[Data under study]

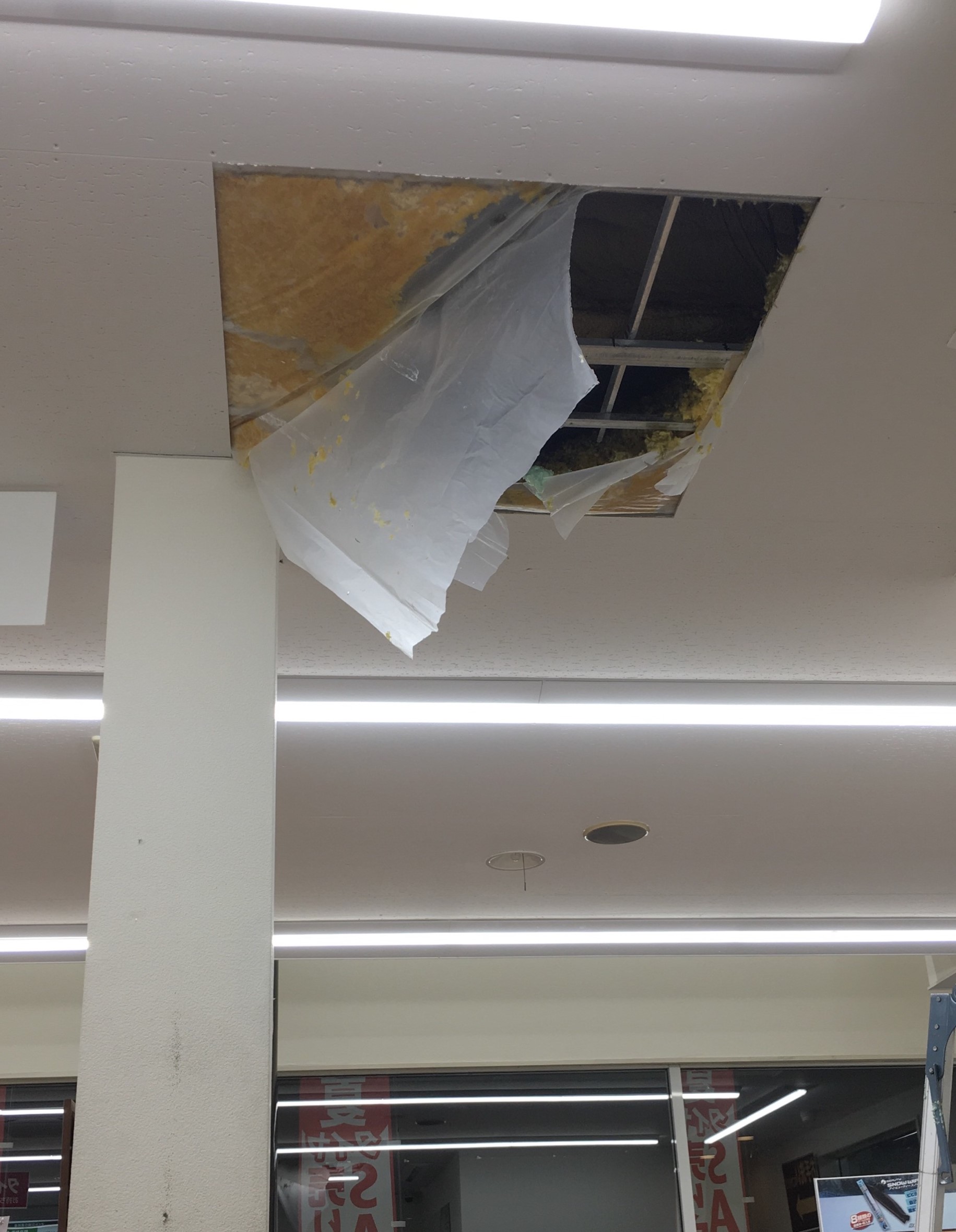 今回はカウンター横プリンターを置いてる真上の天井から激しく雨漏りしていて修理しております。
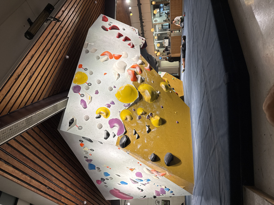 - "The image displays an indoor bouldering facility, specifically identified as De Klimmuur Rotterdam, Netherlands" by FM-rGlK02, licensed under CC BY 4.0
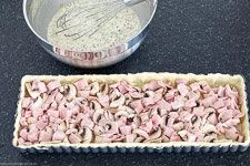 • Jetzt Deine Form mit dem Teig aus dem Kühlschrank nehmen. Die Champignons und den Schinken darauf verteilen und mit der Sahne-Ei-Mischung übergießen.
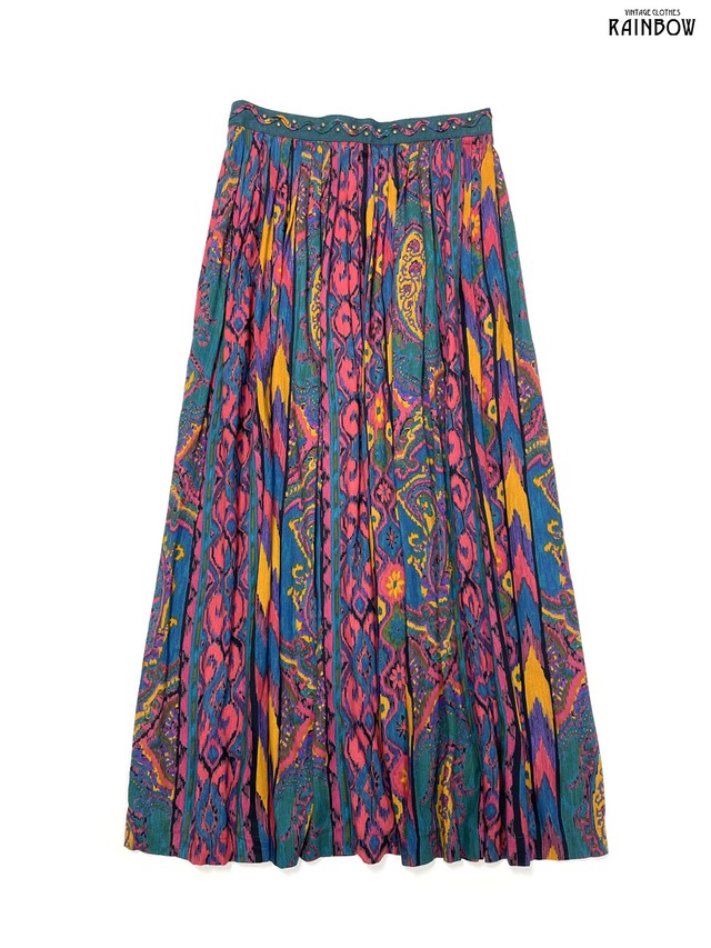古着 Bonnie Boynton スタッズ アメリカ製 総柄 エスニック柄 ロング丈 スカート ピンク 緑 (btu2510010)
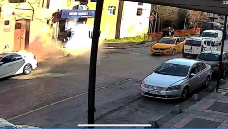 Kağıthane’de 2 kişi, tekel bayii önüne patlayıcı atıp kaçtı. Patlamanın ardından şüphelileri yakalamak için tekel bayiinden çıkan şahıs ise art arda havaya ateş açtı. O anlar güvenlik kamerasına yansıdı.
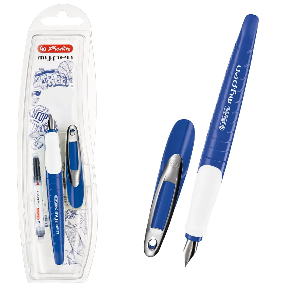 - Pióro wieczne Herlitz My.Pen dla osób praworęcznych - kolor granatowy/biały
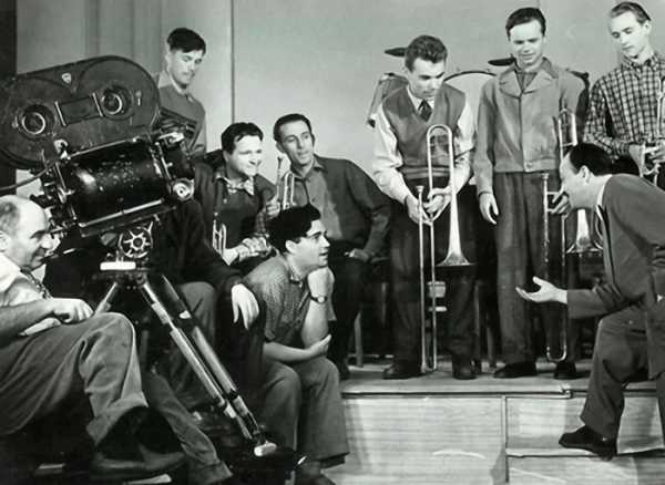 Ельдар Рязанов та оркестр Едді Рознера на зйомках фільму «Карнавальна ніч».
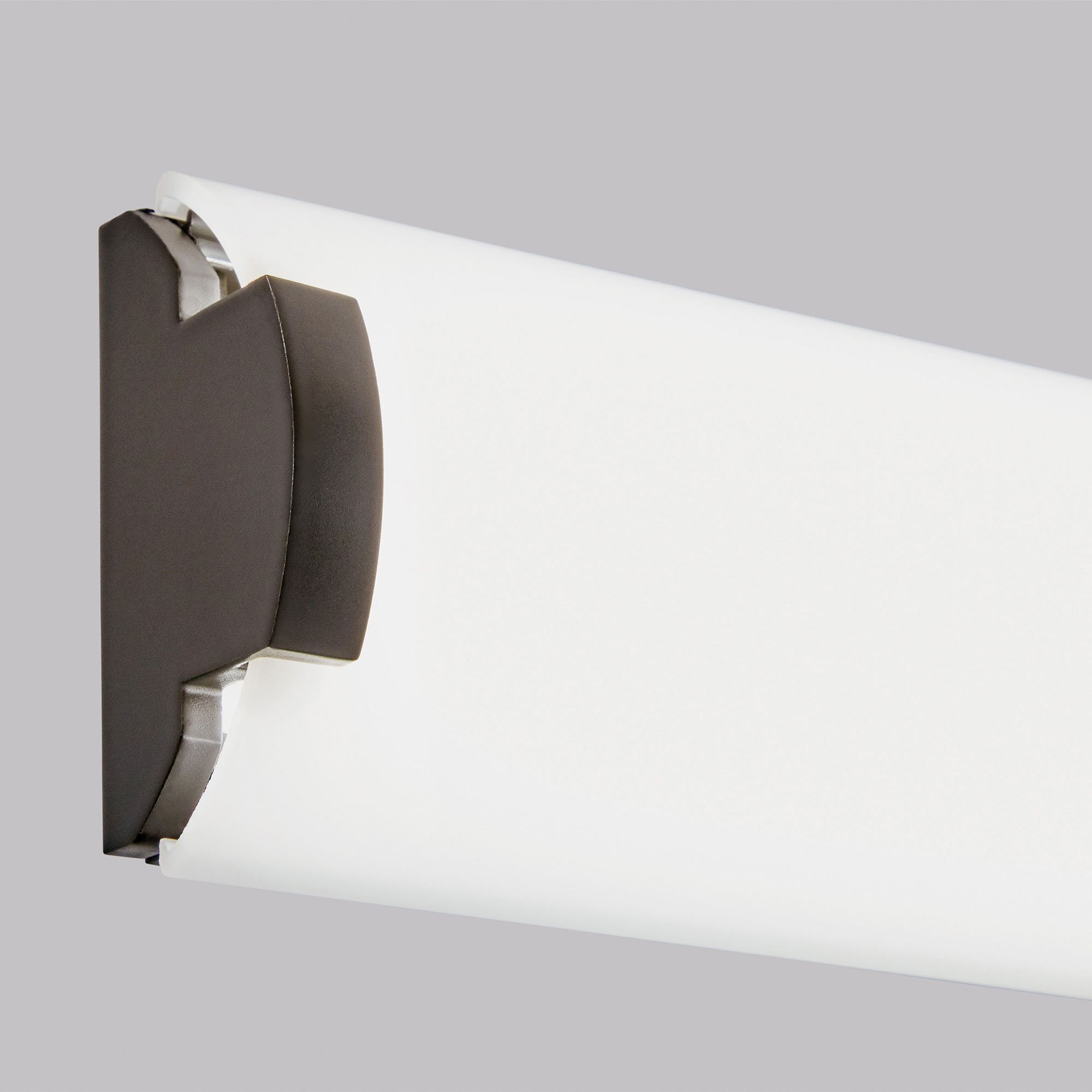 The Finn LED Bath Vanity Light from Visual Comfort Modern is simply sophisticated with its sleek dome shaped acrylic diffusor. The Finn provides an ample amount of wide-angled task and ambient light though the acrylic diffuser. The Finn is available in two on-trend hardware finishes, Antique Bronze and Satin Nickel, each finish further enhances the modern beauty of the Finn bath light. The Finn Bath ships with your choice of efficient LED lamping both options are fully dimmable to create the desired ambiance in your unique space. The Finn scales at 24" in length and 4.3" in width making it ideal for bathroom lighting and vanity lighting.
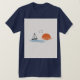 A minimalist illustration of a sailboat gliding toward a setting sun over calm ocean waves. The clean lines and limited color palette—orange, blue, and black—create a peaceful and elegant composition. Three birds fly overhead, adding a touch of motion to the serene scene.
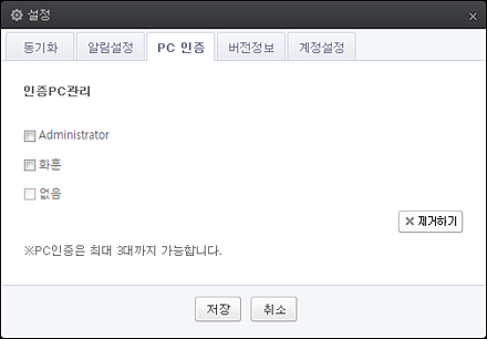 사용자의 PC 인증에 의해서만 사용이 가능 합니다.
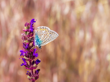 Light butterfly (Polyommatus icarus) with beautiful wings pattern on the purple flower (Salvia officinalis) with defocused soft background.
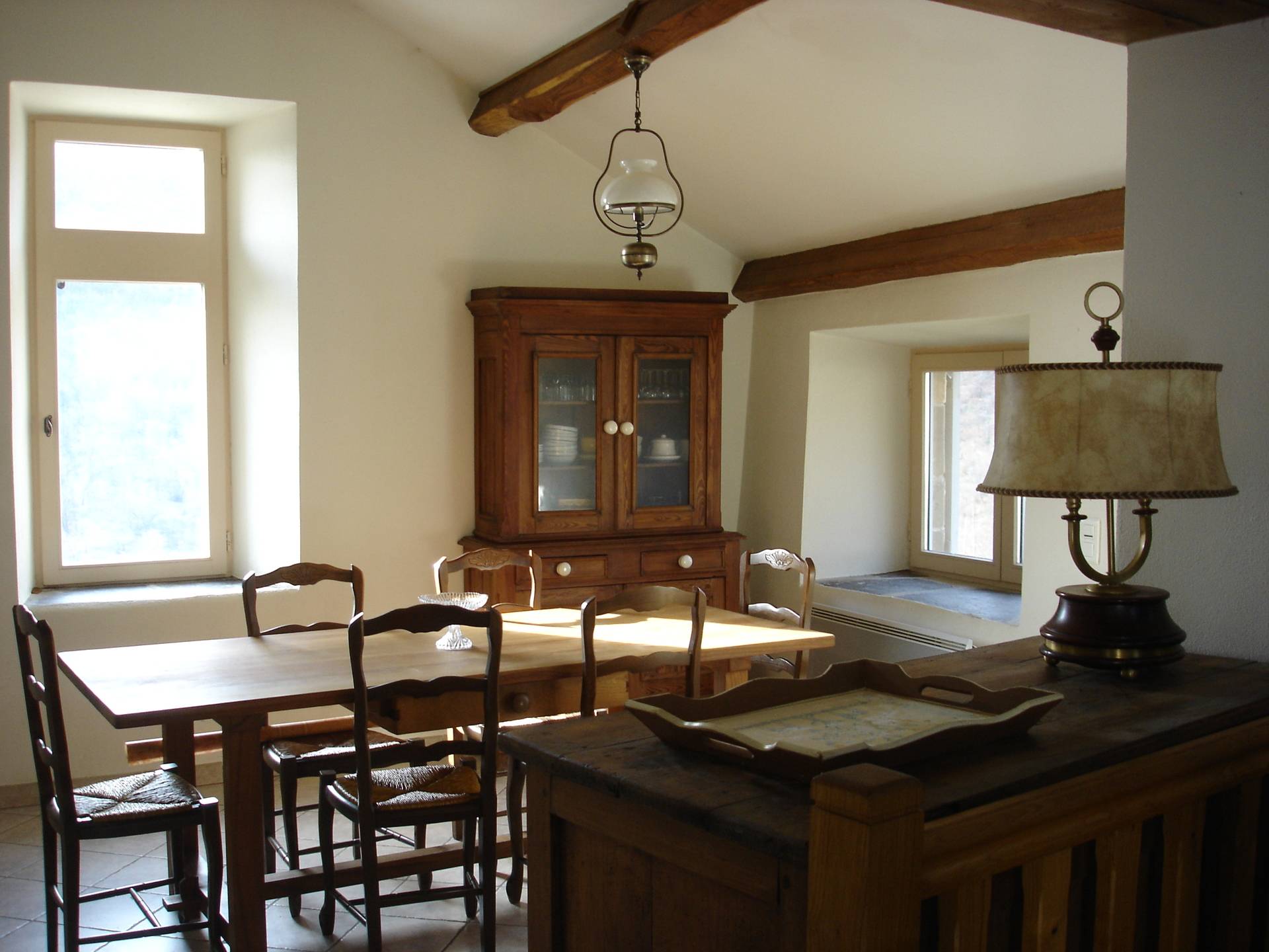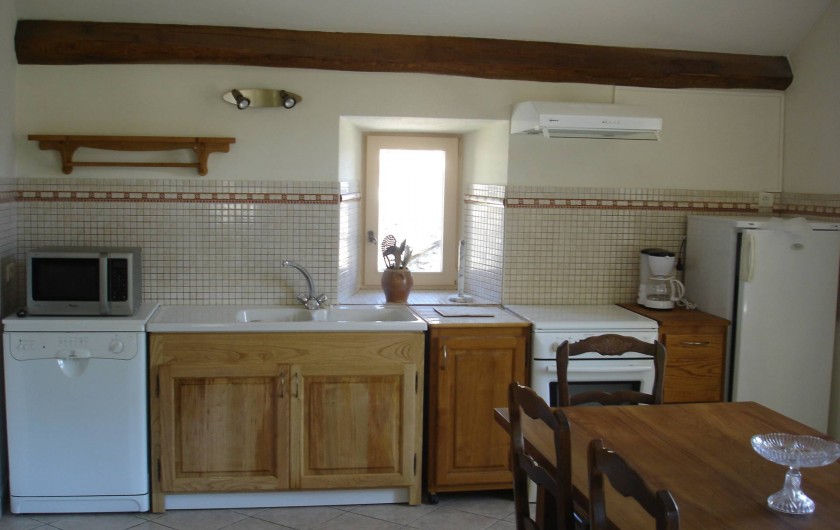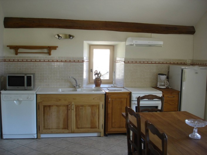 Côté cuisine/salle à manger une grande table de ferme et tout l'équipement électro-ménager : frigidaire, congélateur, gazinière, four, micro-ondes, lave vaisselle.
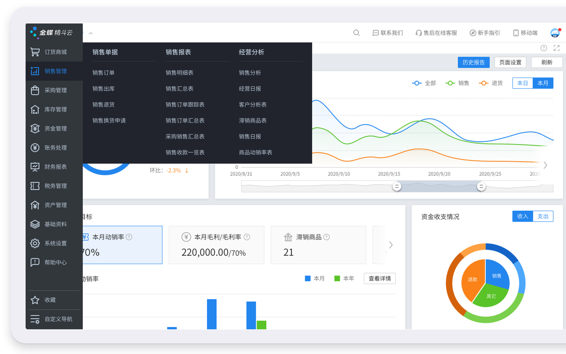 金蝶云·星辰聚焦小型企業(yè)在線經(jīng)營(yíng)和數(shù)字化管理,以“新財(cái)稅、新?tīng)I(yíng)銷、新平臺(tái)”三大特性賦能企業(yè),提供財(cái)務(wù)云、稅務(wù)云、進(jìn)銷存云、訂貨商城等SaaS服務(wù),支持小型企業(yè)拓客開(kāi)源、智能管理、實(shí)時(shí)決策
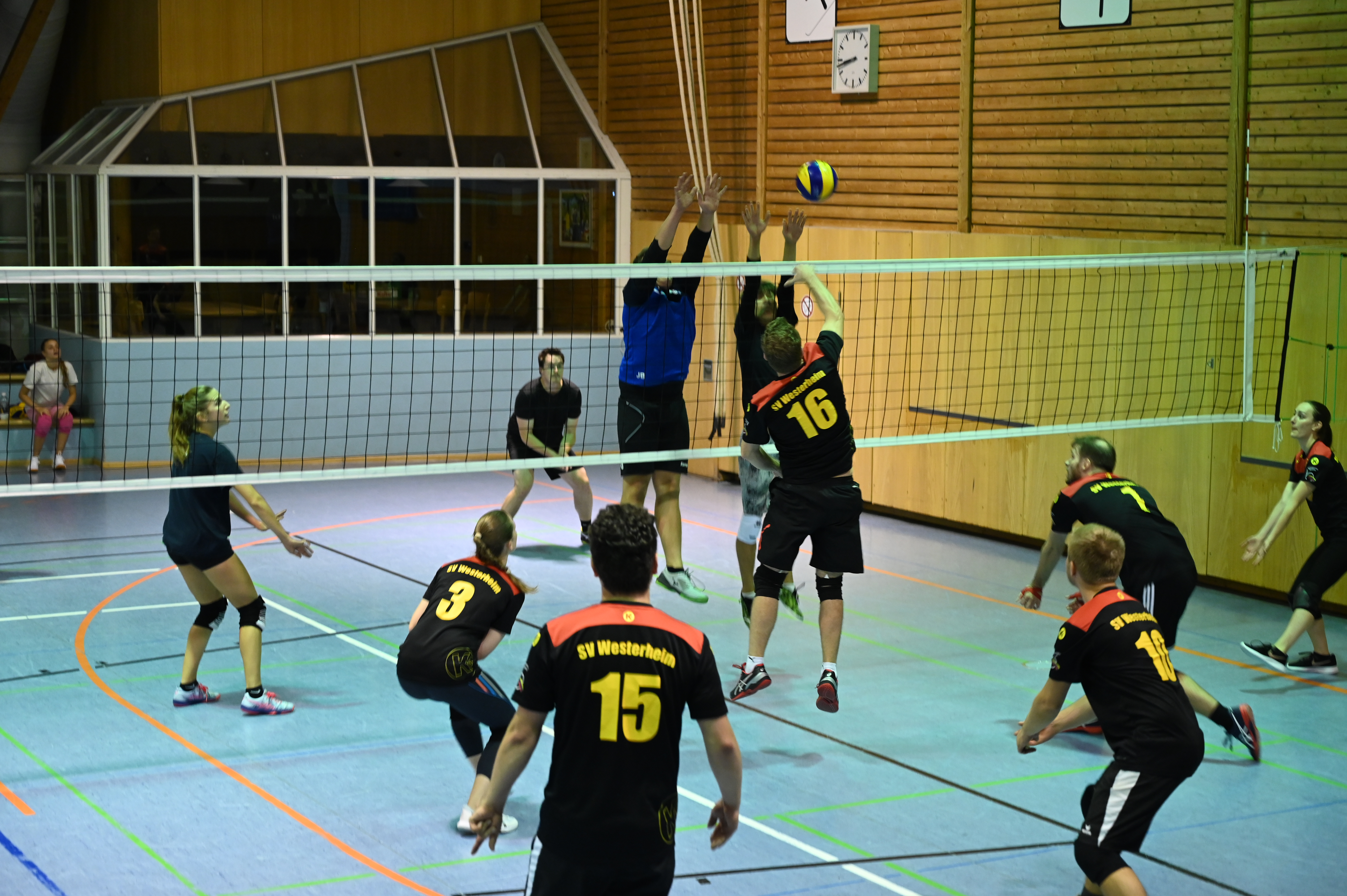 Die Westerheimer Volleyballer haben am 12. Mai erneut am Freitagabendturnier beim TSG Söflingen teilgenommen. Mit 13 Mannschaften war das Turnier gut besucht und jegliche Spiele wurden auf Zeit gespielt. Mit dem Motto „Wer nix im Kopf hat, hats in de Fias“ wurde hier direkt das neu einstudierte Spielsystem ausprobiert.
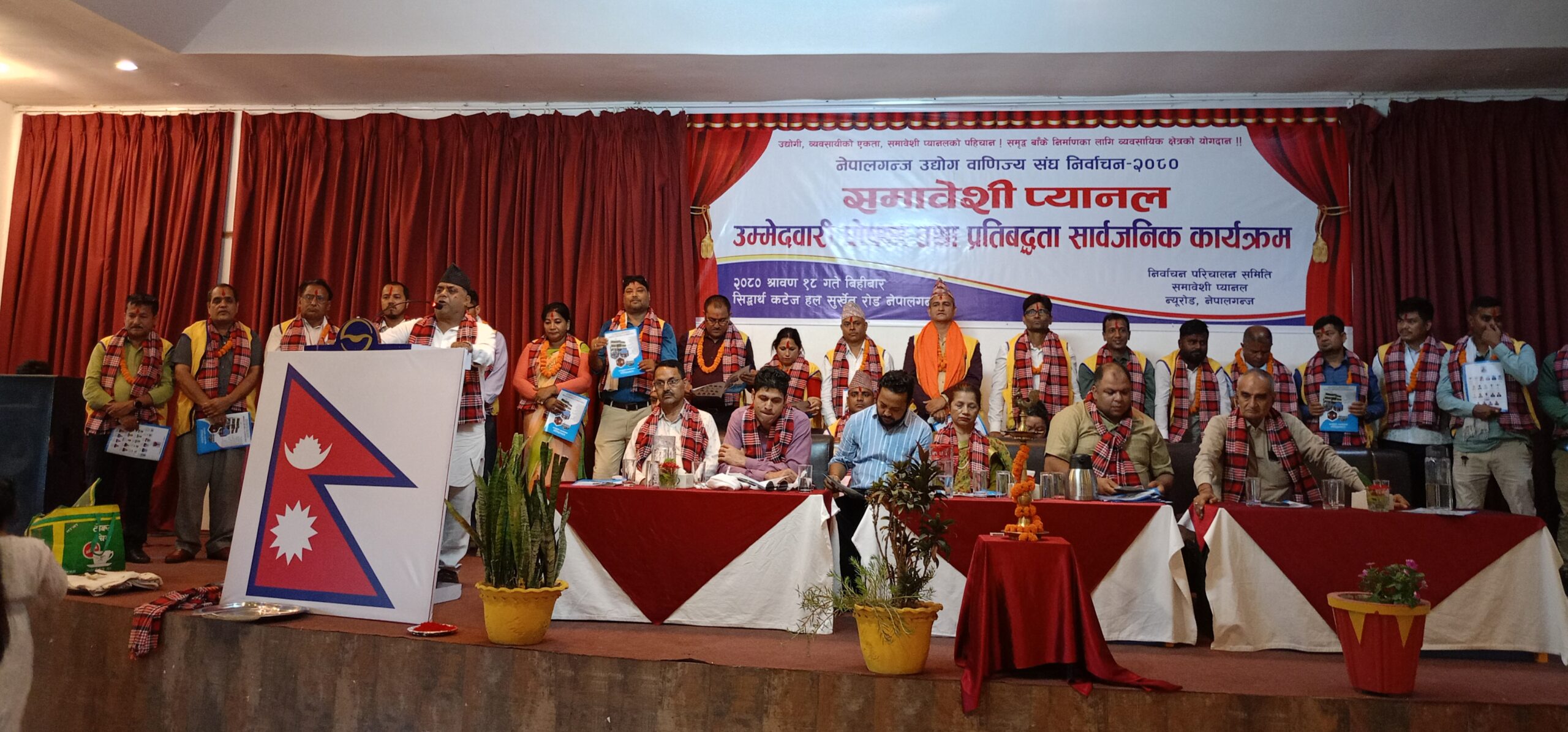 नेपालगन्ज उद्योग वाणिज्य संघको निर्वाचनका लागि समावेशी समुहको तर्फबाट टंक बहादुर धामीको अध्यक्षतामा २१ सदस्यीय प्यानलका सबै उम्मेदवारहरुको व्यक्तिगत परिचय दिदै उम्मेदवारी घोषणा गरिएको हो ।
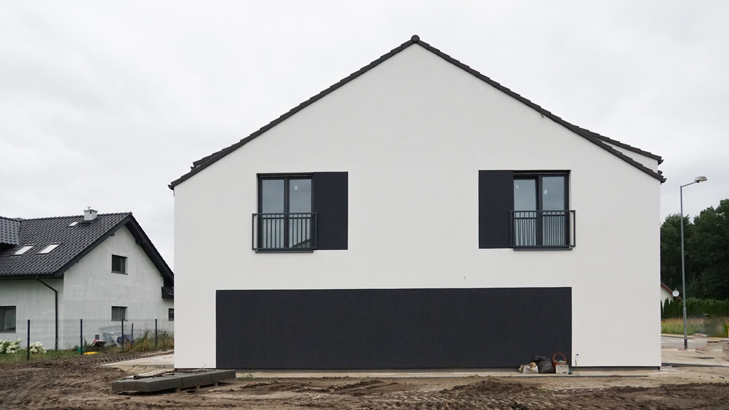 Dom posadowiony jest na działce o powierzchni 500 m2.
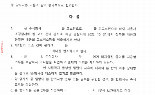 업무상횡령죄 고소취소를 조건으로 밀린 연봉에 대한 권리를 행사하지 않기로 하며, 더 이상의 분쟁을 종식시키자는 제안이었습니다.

[Exercise details] Your reply should be the lines of the records from the start through the line with "古着 Bonnie Boynton", copied word for word, pictures omitted.

[Answer for the task]
 今回はカウンター横プリンターを置いてる真上の天井から激しく雨漏りしていて修理しております。
 - "The image displays an indoor bouldering facility, specifically identified as De Klimmuur Rotterdam, Netherlands" by FM-rGlK02, licensed under CC BY 4.0
 • Jetzt Deine Form mit dem Teig aus dem Kühlschrank nehmen. Die Champignons und den Schinken darauf verteilen und mit der Sahne-Ei-Mischung übergießen.
古着 Bonnie Boynton スタッズ アメリカ製 総柄 エスニック柄 ロング丈 スカート ピンク 緑 (btu2510010)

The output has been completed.